How Growth Rates Impact P/E Ratios

When earnings fall, the 'E' decreases, over time. That means even if the current P/E is low, it will increase over time if the share price stays flat. A higher P/E should indicate the stock is expensive relative to others -- and that may encourage shareholders to sell.

Zardoya Otis shrunk earnings per share by 3.8% last year. And it has shrunk its earnings per share by 2.2% per year over the last three years. This growth rate might warrant a low P/E ratio. So you wouldn't expect a very high P/E.

Remember: P/E Ratios Don't Consider The Balance Sheet

It's important to note that the P/E ratio considers the market capitalization, not the enterprise value. That means it doesn't take debt or cash into account. In theory, a company can lower its future P/E ratio by using cash or debt to invest in growth.

While growth expenditure doesn't always pay off, the point is that it is a good option to have; but one that the P/E ratio ignores.

Zardoya Otis's Balance Sheet

Zardoya Otis has net cash of €58m. That should lead to a higher P/E than if it did have debt, because its strong balance sheets gives it more options.

The Bottom Line On Zardoya Otis's P/E Ratio

Zardoya Otis trades on a P/E ratio of 20.8, which is above its market average of 16.7. The recent drop in earnings per share might keep value investors away, but the healthy balance sheet means the company retains potential for future growth. If fails to eventuate, the current high P/E could prove to be temporary, as the share price falls.

Investors should be looking to buy stocks that the market is wrong about. People often underestimate remarkable growth -- so investors can make money when fast growth is not fully appreciated. So this free report on the analyst consensus forecasts could help you make a master move on this stock.

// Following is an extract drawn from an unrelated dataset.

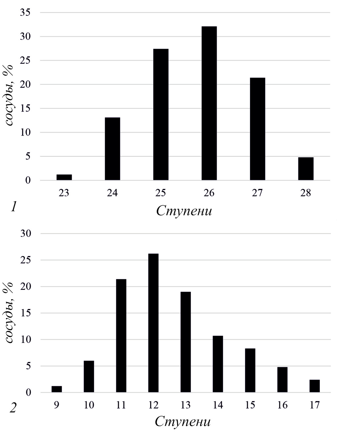 Строго фронтальные фотографии сосудов, изготовленных в ходе экспериментов, переводились в плоские контурные изображения и приводились к одной высоте. После этого сосуды разделялись на функциональные части по принятой методике (Цетлин, 2018. С. 130–137). Затем выполнялись измерения угла наклона и пропорциональности функциональных частей, а также ОПП всего сосуда.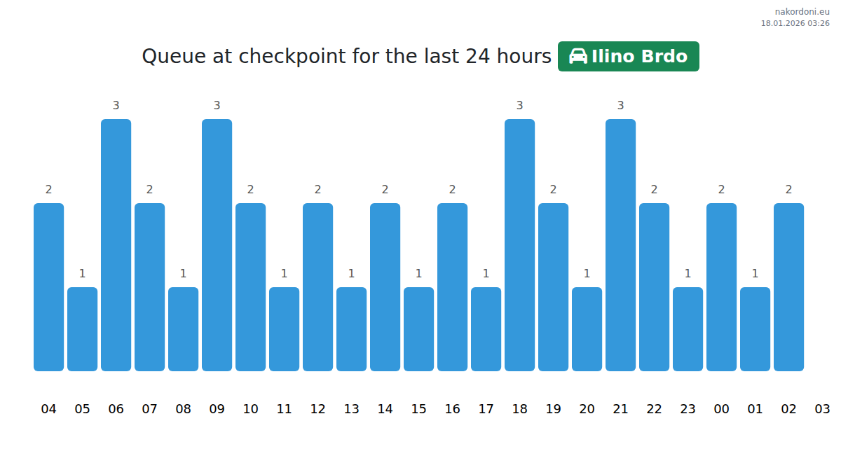 At the Ilino Brdo checkpoint, wait times for passenger cars range from 15 to 35 minutes. Avoid peak hours at 00:00, 10:00, and 13:00; the best times for a quick crossing are 01:00, 02:00, or 03:00.

You might be able to find a better buy than Zardoya Otis. If you want a selection of possible winners, check out this free list of interesting companies that trade on a P/E below 20 (but have proven they can grow earnings).

We aim to bring you long-term focused research analysis driven by fundamental data. Note that our analysis may not factor in the latest price-sensitive company announcements or qualitative material.

If you spot an error that warrants correction, please contact the editor at editorial-team@simplywallst.com. This article by Simply Wall St is general in nature. It does not constitute a recommendation to buy or sell any stock, and does not take account of your objectives, or your financial situation. Simply Wall St has no position in the stocks mentioned. Thank you for reading.